You can also get an asymmetry from the Hall effect, which might be a little easier to measure experimentally. But no experiment which Franklin would have had access to can distinguish between the cases, so he just had to guess and assign them arbitrarily.
My electronics teacher used to say that Franklin had a fifty-fifty chance of getting it right, and he blew it. The issue came up during a discussion of current flow conventions in electrical engineering, such as the arrows used in the symbols for diodes and transistors. The students wanted to know why the arrows were pointed in the wrong direction.
Just to make things even more confusing, in some materials, the charge carriers of a current are positive, rather then negative. So the arrows will follow the direction of motion the carriers in that case. (In case your curious, positive charge carriers in a material are electron holes, the absence of an electron.)
>in some materials, the charge carriers of a current are positive, rather then negative. So the arrows will follow the direction of motion the carriers in that case.
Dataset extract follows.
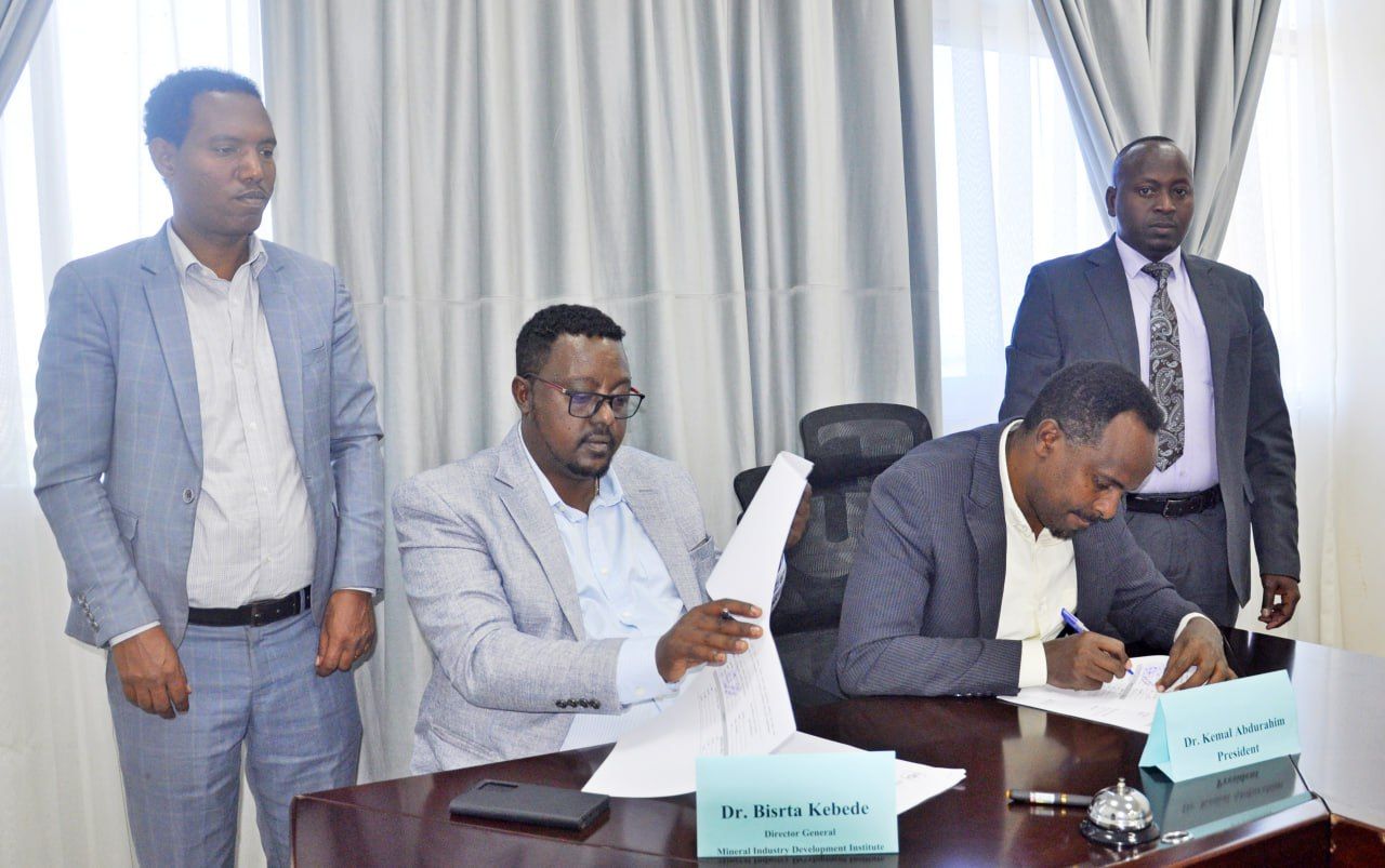 The two year consultancy agreement was signed by Dr. Kemal Abdurahim, President of Assosa University, and Dr. Bisrat Kebede, Director General of the Mineral Industry Development Institute.

This is a somewhat synthetic curiosity. It may be useful to describe a place where you might expect an electron to be, but where it isn’t, as a “hole”, and then claim the current is being carried by holes. But the only physical objects that are moving around in this system are the electrons, and they are still going in the direction opposite to the direction engineers draw their arrows. Said another way, this is no more fundamentally true than claiming there are “negative dollars” and you have to take them from a cashier to buy something.
You can have positive ions drifting through an electrolyte, or you can have ionized hydrogen or other gasses in a vacuum chamber moving in a beam, and these are real cases of positive current flowing along the arrows that has a real physical embodiment. But holes aren’t things. They’re the opposite of things.